Response 1: The authors thank the reviewer for this important question. We addressed it in the manuscript: “Such yields are not typical for SuFEx reaction and can be attributed to peculiarities of the naphthoquinone moiety, e.g. to the tendency of naphthoquinones to form stable tautomers [36].” Also, regarding the higher yields obtained with the silyl derivatives we wrote: “The reason for this may be the formation of the strong silicon-fluorine bond during the reaction (the Si-F bond dissociation energy is 135 kcal/mol [37]), which easily leads to the formation of the target products.”  But, of course, these hypotheses require a more in-depth study using theoretical calculations and some experiments, which we have planned for the future.

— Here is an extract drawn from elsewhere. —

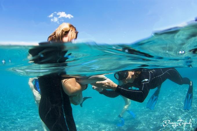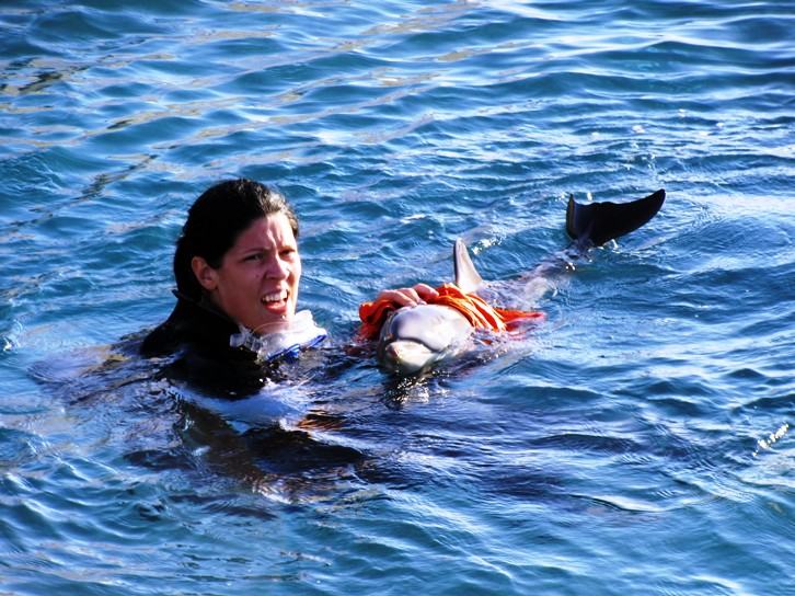 I biologi hanno tratto in salvo il piccolo e lo hanno trasportato supportandolo in acqua per alcuni chilometri.

Comment 2: The authors showed that silicon ether substrate gave up to 95% yields in the SuFEx reaction. The authors are asked to provide a plausible reaction mechanism and some mechanistic study of why the phenol substrate provided lower yields.

Response 2: The authors thank the reviewer for this important remark. Such high yields could be due to the formation of the strong silicon-fluorine bond during the reaction. However, the investigation of reaction mechanism requires a lot of time and resources and is beyond the scope of this manuscript.

Comment 3: Authors discussed the predicted pharmacokinetics and other ADMET properties of 1,4-naphthoquinones. Can some real ADMET properties and pharmacokinetics of a few potent compounds be provided to show the drug-likeness of the compounds?

Response 3: The experimental study of pharmacokinetics and ADMET properties, including the toxicological experiments in mice, will be undertaken and published in a separate paper.

Comment 4: In the experimental section, there is no mention of MHz in 1H NMR. Please provide. In the 13NMR, it is mentioned that 400 MHz. Is it performed on a 1600 MHz machine? Please correct it. NMRs are not written properly. The format is not correct. Please check it.

Response 4: The authors thank the reviewer for this important correction. The NMR operation frequencies in MHz are given in section 3.1. Reagents and Equipment: “The 1H and 13C NMR spectra were recorded on a Bruker AVANCE III HD instrument (operating frequencies: 1H - 400 MHz; 13C - 100 MHz).” According to the reviewer’s recommendation, we have checked and made necessary corrections of the NMR description format in the revised version of the manuscript.